**Task requirements:** What is needed is a verbatim copy of the data, minus the pictures.
··· Data excerpt ···
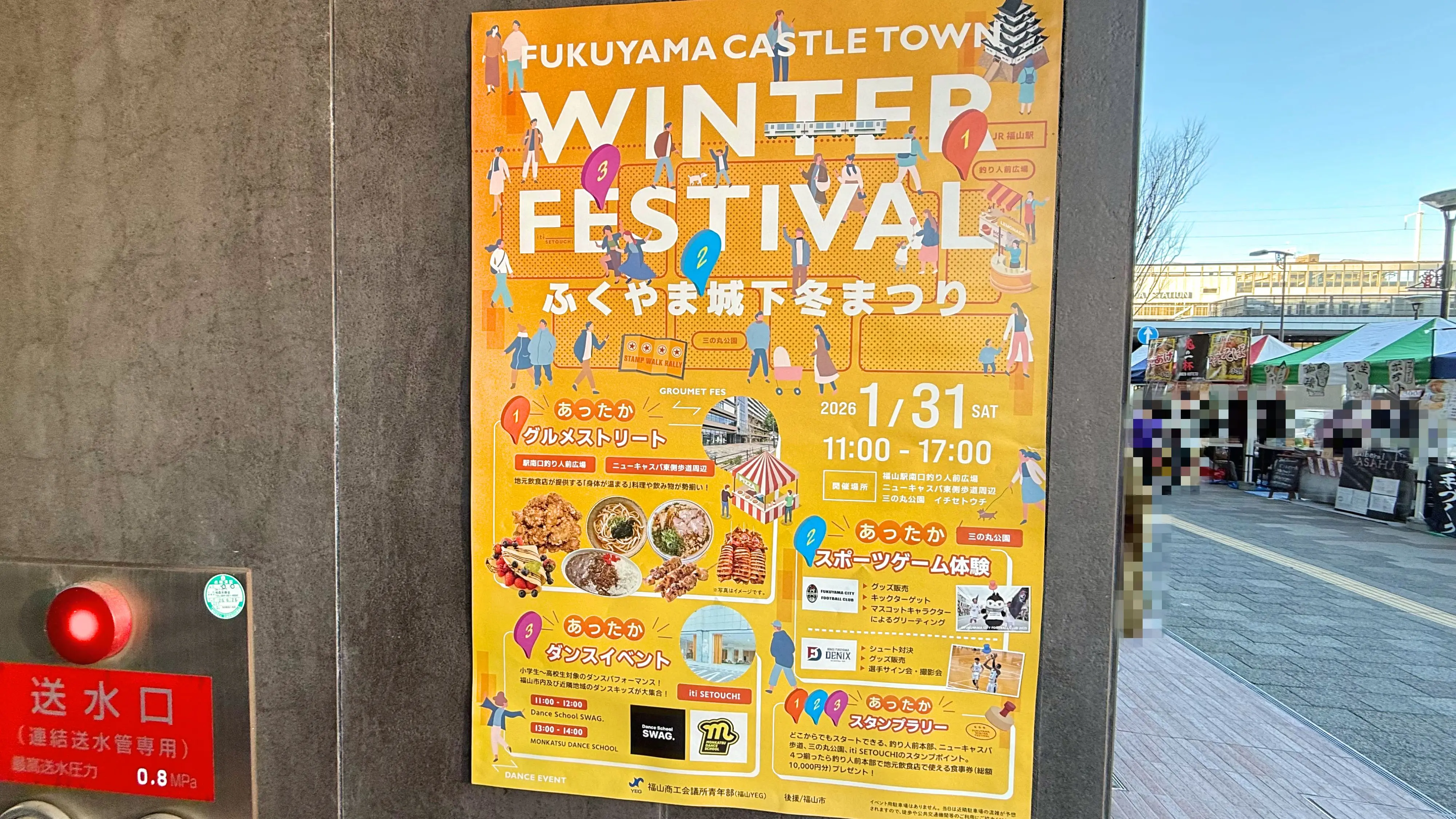 2026年1月31日に福山駅前の様子を見に行くと、「WINTER FESTIVAL ふくやま城下冬まつり」が開催されました。
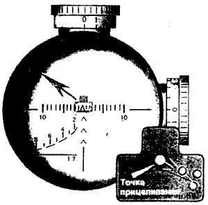 Фото 100-Б. Вид сверху на дистанционный маховик прицела ПСО-1. Обозначение направления средней точки попадания (СТП)
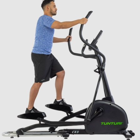 Eliptični trenažer C65 ima tako fiksne kot premične ročaje. Fiksni ročaji so manjši, nameščeni bližje skupaj in imajo vgrajene senzorje srčnega utripa, kar omogoča osredotočenost na vadbo spodnjega dela telesa. Za najbolj natančno merjenje srčnega utripa priporočamo uporabo prsnega pasu. S premičnimi ročaji pa vključite tudi zgornji del telesa, saj pri vadbi aktivirate mišice rok in ramen.
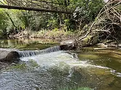 The Lagunita Diversion dam was the most significant barrier to fish passage, because it was located on the mainstem San Francisquito Creek, blocking upstream salmonid migration to all San Francisquito Creek tributaries in lower rainfall years. It was located just north of the east end of Happy Hollow Lane near Alpine Road and near the Stanford Weekend Acres neighborhood in unincorporated Menlo Park. This dam was originally constructed in 1899–1900 to divert winter flows to fill Stanford's Lake Lagunita.[31] It is located 1⁄3 mile (0.54 km) downstream of the mouth of Los Trancos Creek but stopped diverting water to fill the artificial lake when the San Francisquito Creek Pump Station (2⁄3 mile (1.1 km) further downstream) took over this task in 1998.[36] A fish ladder was constructed on the Lake Lagunita Diversion Dam in 1954, however despite re-modification it remained impassable in low rainfall years. In 2014 Our Children's Earth Foundation sued Stanford for allegedly violating the Endangered Species Act, saying the dams obstruct steelhead trout from swimming upstream to freshwater habitats necessary in the early stages of their life cycle. They also registered concern about the Jasper Ridge Road Crossing as another barrier to fish passage. The Jasper Ridge Road Crossing was a concrete weir (low dam) built along a dirt road that crosses San Francisquito Creek shortly downstream from the confluence of Corte Madera and Bear Creeks. The Jasper Ridge Road Crossing blocked the passage of steelhead upstream and downstream during lower flow conditions that begin in the spring and prevent smolt outmigration in late spring, as well as immigration of spawning adults in dry winters. In 2015 Stanford denied that the court had ordered them to remove the Lagunitas Diversion Dam and maintained that it had been planning to remove that dam since its 2010 Habitat Conservation Plan and had initiated the engineering and hydrology work to prepare for removal.[37] In December 2017 Stanford received a $1.2 million ecosystem and watershed restoration grant from the California Department of Fish and Wildlife which covered 30% of the costs of dam removal and riparian restoration. By late 2018 Stanford removed the 119-year-old Lagunita Diversion Dam and restored 480 feet (150 m) of the creek, improving fish passage with pools, shallows and native plants, and moved the creek eastwards away from the residential area.[38] In addition, Stanford replaced the Jasper Ridge Road Crossing weir with a bridge, opening 6.6 miles (10.6 km) of unimpeded access to the Bear Creek mainstem, and its tributaries such as West Union Creek, to salmonid spawning runs.
···
**Answer section:**
 2026年1月31日に福山駅前の様子を見に行くと、「WINTER FESTIVAL ふくやま城下冬まつり」が開催されました。
 Фото 100-Б. Вид сверху на дистанционный маховик прицела ПСО-1. Обозначение направления средней точки попадания (СТП)
 Eliptični trenažer C65 ima tako fiksne kot premične ročaje. Fiksni ročaji so manjši, nameščeni bližje skupaj in imajo vgrajene senzorje srčnega utripa, kar omogoča osredotočenost na vadbo spodnjega dela telesa. Za najbolj natančno merjenje srčnega utripa priporočamo uporabo prsnega pasu. S premičnimi ročaji pa vključite tudi zgornji del telesa, saj pri vadbi aktivirate mišice rok in ramen.
 The Lagunita Diversion dam was the most significant barrier to fish passage, because it was located on the mainstem San Francisquito Creek, blocking upstream salmonid migration to all San Francisquito Creek tributaries in lower rainfall years. It was located just north of the east end of Happy Hollow Lane near Alpine Road and near the Stanford Weekend Acres neighborhood in unincorporated Menlo Park. This dam was originally constructed in 1899–1900 to divert winter flows to fill Stanford's Lake Lagunita.[31] It is located 1⁄3 mile (0.54 km) downstream of the mouth of Los Trancos Creek but stopped diverting water to fill the artificial lake when the San Francisquito Creek Pump Station (2⁄3 mile (1.1 km) further downstream) took over this task in 1998.[36] A fish ladder was constructed on the Lake Lagunita Diversion Dam in 1954, however despite re-modification it remained impassable in low rainfall years. In 2014 Our Children's Earth Foundation sued Stanford for allegedly violating the Endangered Species Act, saying the dams obstruct steelhead trout from swimming upstream to freshwater habitats necessary in the early stages of their life cycle. They also registered concern about the Jasper Ridge Road Crossing as another barrier to fish passage. The Jasper Ridge Road Crossing was a concrete weir (low dam) built along a dirt road that crosses San Francisquito Creek shortly downstream from the confluence of Corte Madera and Bear Creeks. The Jasper Ridge Road Crossing blocked the passage of steelhead upstream and downstream during lower flow conditions that begin in the spring and prevent smolt outmigration in late spring, as well as immigration of spawning adults in dry winters. In 2015 Stanford denied that the court had ordered them to remove the Lagunitas Diversion Dam and maintained that it had been planning to remove that dam since its 2010 Habitat Conservation Plan and had initiated the engineering and hydrology work to prepare for removal.[37] In December 2017 Stanford received a $1.2 million ecosystem and watershed restoration grant from the California Department of Fish and Wildlife which covered 30% of the costs of dam removal and riparian restoration. By late 2018 Stanford removed the 119-year-old Lagunita Diversion Dam and restored 480 feet (150 m) of the creek, improving fish passage with pools, shallows and native plants, and moved the creek eastwards away from the residential area.[38] In addition, Stanford replaced the Jasper Ridge Road Crossing weir with a bridge, opening 6.6 miles (10.6 km) of unimpeded access to the Bear Creek mainstem, and its tributaries such as West Union Creek, to salmonid spawning runs.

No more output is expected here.